#### Exercise description
Go to the line containing "ミニキッチン (鉄骨部)" in the records below and print it and every following line exactly, on through the line containing "Slika 2: Dimenzije žlice visokega iztresa", then stop.

#### Dataset excerpts

········

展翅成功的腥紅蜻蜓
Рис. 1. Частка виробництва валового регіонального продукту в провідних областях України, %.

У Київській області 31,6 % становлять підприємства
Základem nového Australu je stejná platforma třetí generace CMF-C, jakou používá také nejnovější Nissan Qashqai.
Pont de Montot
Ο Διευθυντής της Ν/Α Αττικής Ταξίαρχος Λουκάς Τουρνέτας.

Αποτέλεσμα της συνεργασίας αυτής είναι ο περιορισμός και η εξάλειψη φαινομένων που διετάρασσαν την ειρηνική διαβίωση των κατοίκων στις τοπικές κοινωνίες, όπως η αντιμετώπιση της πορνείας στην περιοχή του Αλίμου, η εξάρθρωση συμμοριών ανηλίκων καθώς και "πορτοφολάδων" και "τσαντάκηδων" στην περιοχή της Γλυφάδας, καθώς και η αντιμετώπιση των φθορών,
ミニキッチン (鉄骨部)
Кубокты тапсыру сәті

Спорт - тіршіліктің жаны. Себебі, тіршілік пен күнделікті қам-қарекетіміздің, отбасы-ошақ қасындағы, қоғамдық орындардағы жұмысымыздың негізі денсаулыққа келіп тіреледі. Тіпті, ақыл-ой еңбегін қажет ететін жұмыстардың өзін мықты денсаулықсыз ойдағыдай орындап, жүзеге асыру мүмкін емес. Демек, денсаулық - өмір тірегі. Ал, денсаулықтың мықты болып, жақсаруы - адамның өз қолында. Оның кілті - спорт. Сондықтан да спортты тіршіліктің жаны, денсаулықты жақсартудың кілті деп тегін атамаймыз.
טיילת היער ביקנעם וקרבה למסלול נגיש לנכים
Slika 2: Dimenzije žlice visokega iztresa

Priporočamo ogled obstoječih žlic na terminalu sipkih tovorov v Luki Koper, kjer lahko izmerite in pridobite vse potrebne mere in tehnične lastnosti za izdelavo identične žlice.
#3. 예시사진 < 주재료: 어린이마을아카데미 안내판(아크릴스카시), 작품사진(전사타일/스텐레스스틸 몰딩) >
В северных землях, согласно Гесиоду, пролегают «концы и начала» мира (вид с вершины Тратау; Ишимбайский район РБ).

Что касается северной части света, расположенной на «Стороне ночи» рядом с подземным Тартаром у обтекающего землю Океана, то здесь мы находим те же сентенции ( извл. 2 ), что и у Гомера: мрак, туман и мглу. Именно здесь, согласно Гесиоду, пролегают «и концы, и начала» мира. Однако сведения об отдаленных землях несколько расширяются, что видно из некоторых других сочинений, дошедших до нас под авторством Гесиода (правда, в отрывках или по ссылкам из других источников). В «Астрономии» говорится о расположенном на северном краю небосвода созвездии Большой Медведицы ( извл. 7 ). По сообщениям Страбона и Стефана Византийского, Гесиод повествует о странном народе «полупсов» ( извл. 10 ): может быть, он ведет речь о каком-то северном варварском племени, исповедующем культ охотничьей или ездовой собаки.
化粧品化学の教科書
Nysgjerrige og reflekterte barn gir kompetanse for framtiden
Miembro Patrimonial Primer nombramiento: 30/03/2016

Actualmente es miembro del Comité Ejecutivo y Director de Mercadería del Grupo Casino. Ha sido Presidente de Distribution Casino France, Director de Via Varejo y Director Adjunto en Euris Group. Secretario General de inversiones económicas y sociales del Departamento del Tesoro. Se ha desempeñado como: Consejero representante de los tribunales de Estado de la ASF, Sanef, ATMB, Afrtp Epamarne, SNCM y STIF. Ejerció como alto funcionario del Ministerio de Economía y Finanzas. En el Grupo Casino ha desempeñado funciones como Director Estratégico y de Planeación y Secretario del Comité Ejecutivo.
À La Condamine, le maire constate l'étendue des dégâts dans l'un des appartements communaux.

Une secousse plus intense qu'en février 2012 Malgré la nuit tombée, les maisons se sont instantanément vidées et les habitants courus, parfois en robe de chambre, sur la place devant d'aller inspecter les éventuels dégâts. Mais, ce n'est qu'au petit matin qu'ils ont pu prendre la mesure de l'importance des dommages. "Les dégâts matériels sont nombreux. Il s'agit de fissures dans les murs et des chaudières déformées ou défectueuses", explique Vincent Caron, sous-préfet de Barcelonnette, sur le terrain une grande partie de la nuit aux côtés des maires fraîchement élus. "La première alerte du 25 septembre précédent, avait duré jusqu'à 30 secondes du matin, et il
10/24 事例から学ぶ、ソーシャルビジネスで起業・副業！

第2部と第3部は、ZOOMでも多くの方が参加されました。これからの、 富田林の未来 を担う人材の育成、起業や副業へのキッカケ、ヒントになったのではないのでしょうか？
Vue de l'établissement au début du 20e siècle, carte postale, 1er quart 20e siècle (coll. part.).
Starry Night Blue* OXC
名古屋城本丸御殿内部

········

#### Answer box
ミニキッチン (鉄骨部)
Кубокты тапсыру сәті

Спорт - тіршіліктің жаны. Себебі, тіршілік пен күнделікті қам-қарекетіміздің, отбасы-ошақ қасындағы, қоғамдық орындардағы жұмысымыздың негізі денсаулыққа келіп тіреледі. Тіпті, ақыл-ой еңбегін қажет ететін жұмыстардың өзін мықты денсаулықсыз ойдағыдай орындап, жүзеге асыру мүмкін емес. Демек, денсаулық - өмір тірегі. Ал, денсаулықтың мықты болып, жақсаруы - адамның өз қолында. Оның кілті - спорт. Сондықтан да спортты тіршіліктің жаны, денсаулықты жақсартудың кілті деп тегін атамаймыз.
טיילת היער ביקנעם וקרבה למסלול נגיש לנכים
Slika 2: Dimenzije žlice visokega iztresa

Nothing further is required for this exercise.